YOUR OBJECTIVE => Set down a faithful copy of every record, and skip the pictures in it.

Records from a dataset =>

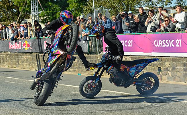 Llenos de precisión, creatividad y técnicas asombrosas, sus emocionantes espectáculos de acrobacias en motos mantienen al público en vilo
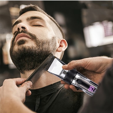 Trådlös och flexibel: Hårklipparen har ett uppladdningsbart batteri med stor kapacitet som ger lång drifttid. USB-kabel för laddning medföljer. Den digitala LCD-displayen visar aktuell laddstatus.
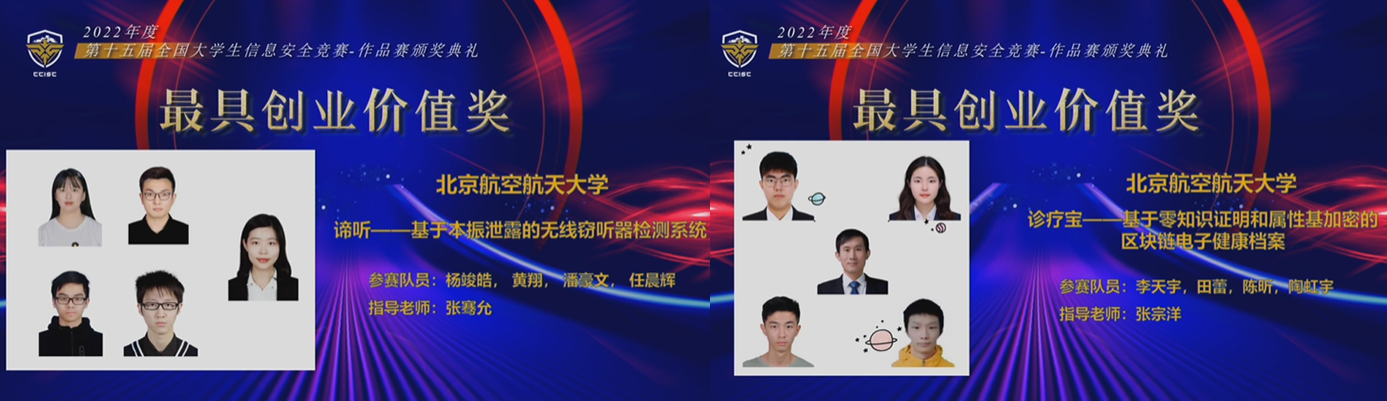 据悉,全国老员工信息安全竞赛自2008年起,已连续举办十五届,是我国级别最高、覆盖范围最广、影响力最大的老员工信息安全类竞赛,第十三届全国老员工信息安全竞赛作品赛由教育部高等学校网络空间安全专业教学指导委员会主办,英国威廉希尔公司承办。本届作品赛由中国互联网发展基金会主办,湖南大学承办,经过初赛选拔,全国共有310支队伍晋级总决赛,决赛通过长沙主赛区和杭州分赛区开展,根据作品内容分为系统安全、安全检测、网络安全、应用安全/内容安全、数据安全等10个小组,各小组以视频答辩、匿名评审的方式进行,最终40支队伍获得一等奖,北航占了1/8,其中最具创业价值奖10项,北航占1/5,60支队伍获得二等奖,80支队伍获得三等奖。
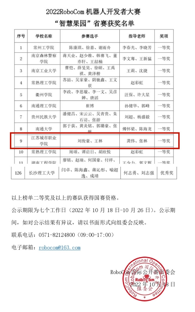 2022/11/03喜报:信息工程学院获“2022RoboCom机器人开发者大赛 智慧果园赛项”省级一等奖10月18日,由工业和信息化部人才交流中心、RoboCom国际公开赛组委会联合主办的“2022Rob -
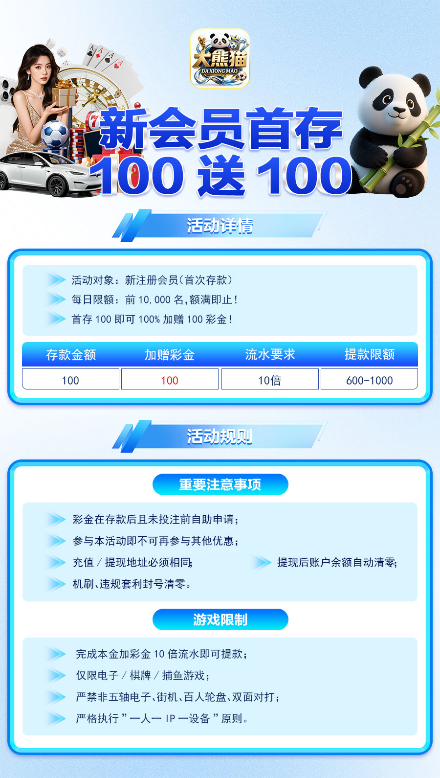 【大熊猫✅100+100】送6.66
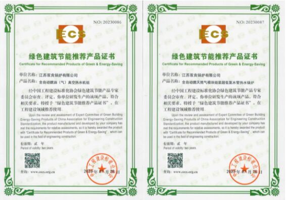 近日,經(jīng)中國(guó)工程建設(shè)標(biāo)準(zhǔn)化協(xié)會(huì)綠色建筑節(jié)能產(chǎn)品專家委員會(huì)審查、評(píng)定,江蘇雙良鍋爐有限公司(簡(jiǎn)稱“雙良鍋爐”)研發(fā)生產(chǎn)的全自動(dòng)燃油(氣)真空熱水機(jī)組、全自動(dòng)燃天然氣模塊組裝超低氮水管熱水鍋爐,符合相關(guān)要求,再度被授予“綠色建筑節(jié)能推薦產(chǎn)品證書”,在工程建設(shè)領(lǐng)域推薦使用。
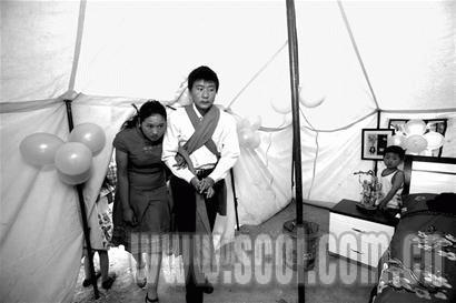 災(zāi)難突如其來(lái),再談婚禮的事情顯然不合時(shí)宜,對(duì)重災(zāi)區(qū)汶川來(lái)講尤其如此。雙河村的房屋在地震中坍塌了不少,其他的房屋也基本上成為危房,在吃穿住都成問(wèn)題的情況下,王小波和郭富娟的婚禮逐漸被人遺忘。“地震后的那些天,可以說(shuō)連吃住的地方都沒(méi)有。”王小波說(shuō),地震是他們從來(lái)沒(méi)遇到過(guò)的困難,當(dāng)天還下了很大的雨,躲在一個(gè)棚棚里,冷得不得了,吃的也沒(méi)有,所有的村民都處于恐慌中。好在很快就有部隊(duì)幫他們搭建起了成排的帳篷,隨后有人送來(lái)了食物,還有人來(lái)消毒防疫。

RESPONSE FOR THIS EXERCISE =>
 Llenos de precisión, creatividad y técnicas asombrosas, sus emocionantes espectáculos de acrobacias en motos mantienen al público en vilo
 Trådlös och flexibel: Hårklipparen har ett uppladdningsbart batteri med stor kapacitet som ger lång drifttid. USB-kabel för laddning medföljer. Den digitala LCD-displayen visar aktuell laddstatus.
 据悉,全国老员工信息安全竞赛自2008年起,已连续举办十五届,是我国级别最高、覆盖范围最广、影响力最大的老员工信息安全类竞赛,第十三届全国老员工信息安全竞赛作品赛由教育部高等学校网络空间安全专业教学指导委员会主办,英国威廉希尔公司承办。本届作品赛由中国互联网发展基金会主办,湖南大学承办,经过初赛选拔,全国共有310支队伍晋级总决赛,决赛通过长沙主赛区和杭州分赛区开展,根据作品内容分为系统安全、安全检测、网络安全、应用安全/内容安全、数据安全等10个小组,各小组以视频答辩、匿名评审的方式进行,最终40支队伍获得一等奖,北航占了1/8,其中最具创业价值奖10项,北航占1/5,60支队伍获得二等奖,80支队伍获得三等奖。
 2022/11/03喜报:信息工程学院获“2022RoboCom机器人开发者大赛 智慧果园赛项”省级一等奖10月18日,由工业和信息化部人才交流中心、RoboCom国际公开赛组委会联合主办的“2022Rob -
 【大熊猫✅100+100】送6.66
 近日,經(jīng)中國(guó)工程建設(shè)標(biāo)準(zhǔn)化協(xié)會(huì)綠色建筑節(jié)能產(chǎn)品專家委員會(huì)審查、評(píng)定,江蘇雙良鍋爐有限公司(簡(jiǎn)稱“雙良鍋爐”)研發(fā)生產(chǎn)的全自動(dòng)燃油(氣)真空熱水機(jī)組、全自動(dòng)燃天然氣模塊組裝超低氮水管熱水鍋爐,符合相關(guān)要求,再度被授予“綠色建筑節(jié)能推薦產(chǎn)品證書”,在工程建設(shè)領(lǐng)域推薦使用。
 災(zāi)難突如其來(lái),再談婚禮的事情顯然不合時(shí)宜,對(duì)重災(zāi)區(qū)汶川來(lái)講尤其如此。雙河村的房屋在地震中坍塌了不少,其他的房屋也基本上成為危房,在吃穿住都成問(wèn)題的情況下,王小波和郭富娟的婚禮逐漸被人遺忘。“地震后的那些天,可以說(shuō)連吃住的地方都沒(méi)有。”王小波說(shuō),地震是他們從來(lái)沒(méi)遇到過(guò)的困難,當(dāng)天還下了很大的雨,躲在一個(gè)棚棚里,冷得不得了,吃的也沒(méi)有,所有的村民都處于恐慌中。好在很快就有部隊(duì)幫他們搭建起了成排的帳篷,隨后有人送來(lái)了食物,還有人來(lái)消毒防疫。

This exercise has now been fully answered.